The main Alpha actions are:

1. Set up the project space, the team, and the collaboration tools.

2. Review the product release board.

3. The team agrees the definition of ‘ready’ and ‘done’.

4. Start product grooming to prioritise the work (this is done at least weekly throughout Alpha).

5. Start user story grooming so the user stories are clarified, ready for the sprint.

6. Update the benefits profile for each sprint.

7. Update the benefits worksheet.

8. Plan and carry out sprints.

9. Carry out release planning.

10. Plan customer experience reviews.

11. Create progress reports.

12. Carry out a sprint review and demonstration at the end of each sprint.

13. Hold sprint retrospectives at the end of each sprint to identify opportunities for improvement.

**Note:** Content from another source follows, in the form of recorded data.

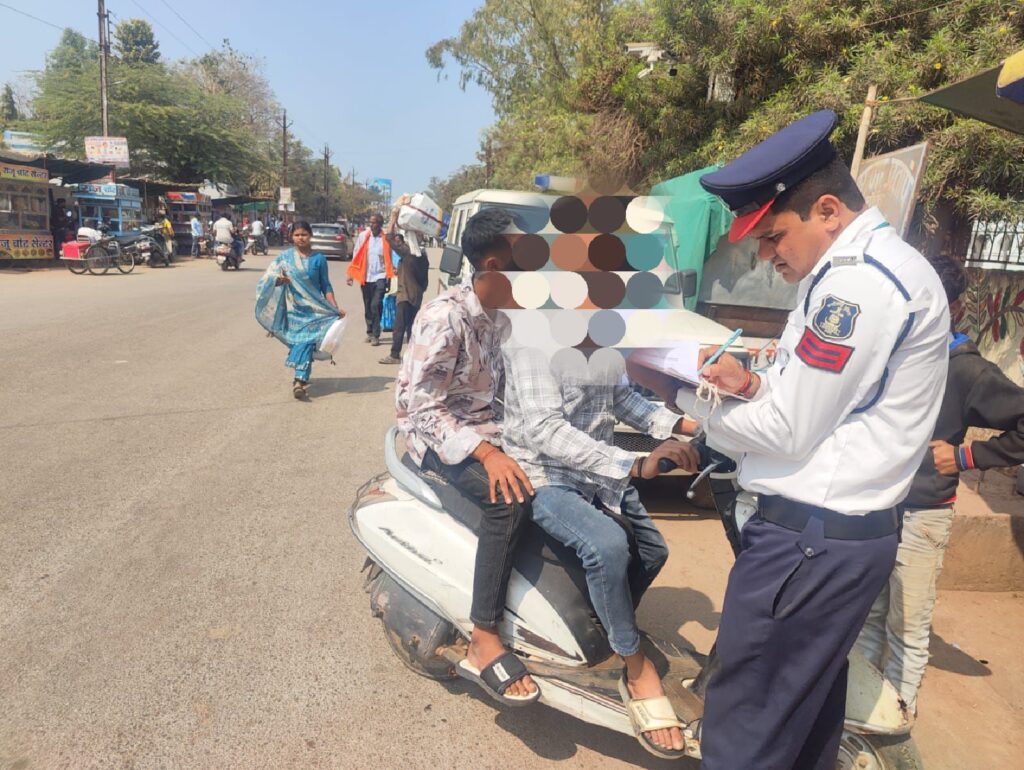 यातायात पुलिस खैरागढ़ द्वारा वरिष्ठ अधिकारियो से प्राप्त दिशा -निर्देशानुसार सड़क दुर्घटनाओ मे कमी लाने नित नए प्रयोग के साथ ही आमजनों के बीच जाकर लोगो की जान माल की रक्षा हेतु पिछले पूरे एक माह जन जागरूकता का कार्यक्रम चलाया गया था . जागरूकता अभियान उपरांत सड़क दुर्घटनाओं पर अंकुश लगाने हेतु विशेषरूप से नाबालिक बच्चों के द्वारा वाहन चलाने के प्रकरणों में कार्यवाही करते हुयें खैरागढ़ मुख्य टेंपो चौक में चेकिंग में नाबालिक बच्चो द्वारा वाहन चलाने के प्रकरण व उनके वाहन स्वामियो पर तथा 07 बिना लाइसेंस व अन्य 05 प्रकरणों में चालानी कार्यवाही कर कुल 21 प्रकरण मे 28100 रूपये का अर्थदंड मोटर व्हीकल अधिनियम के अंतर्गत वसूला गया।भविष्य में भी यह कार्यवाही निरंतर जारी रहेगी. जिला पुलिस के सी जी आप सभी से अपील करती है कि यातायात नियमों का पालन कर पुलिस का सहयोग करे.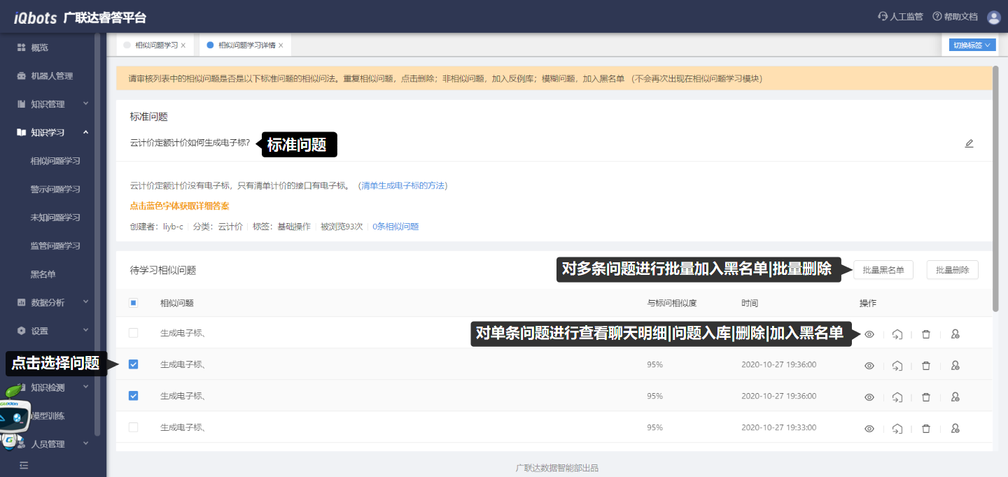 操作步骤:(1)选中分类后,点击要学习的标准问题;(2)在相似问题学习详情页面中,判断待学习相似问题列表中的问题是否属于该标准问题的相似问法,可点击查看该问法的聊天明细辅助判断;(3)根据判断结果进行相应操作(问题入库/删除数据/加入黑名单)。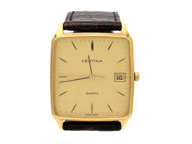 Armbandsur Certina 14K quartz/går ej, datum graverad med läderarmband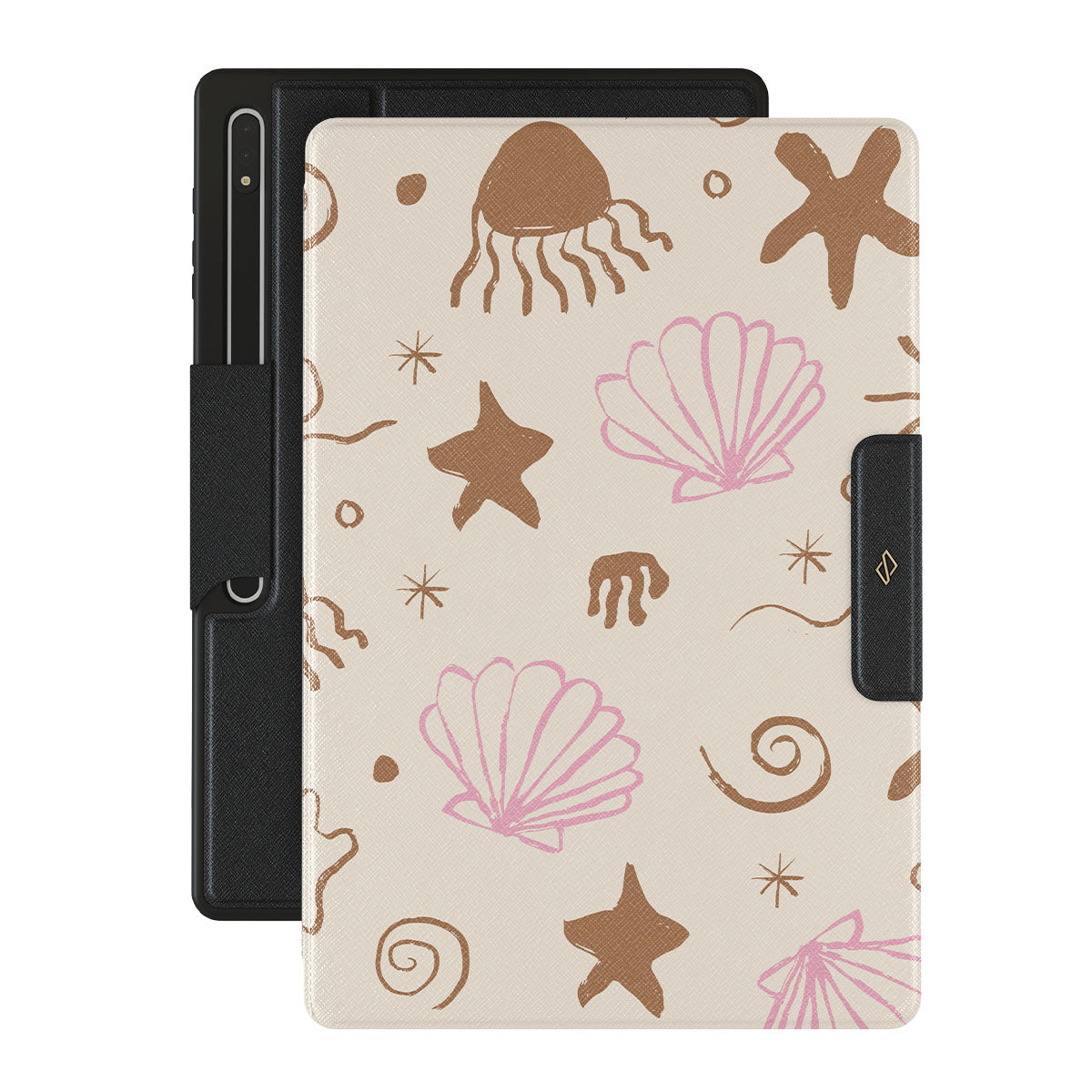 Our Beach Games Samsung Galaxy Tab S10 Ultra folio case features a delightful design inspired by seaside treasures, including cute starfish, pink seashells, and playful wave patterns on a sandy background. This beach-themed pattern captures the essence of a fun day at the shore, evoking the joy of discovering beautiful ocean gems.

14. Review the product increment(s) and include them in a release.

15. Carry out the assurance processes tailored appropriately for Accelerate and agreed with the sponsor, following the all-of-government assurance guidelines provided on ICT projects and programmes available at www.ict.govt.nz (search for “project assurance”).

16. Complete privacy assessment on the material in the release, if required.

Roles for Alpha The resources for Alpha depend on the scale of the project. Possible roles in Alpha for single teams and multiple teams are given in Table 3 on page 64.

Contact your Accelerate navigator to discuss your team requirements for Alpha.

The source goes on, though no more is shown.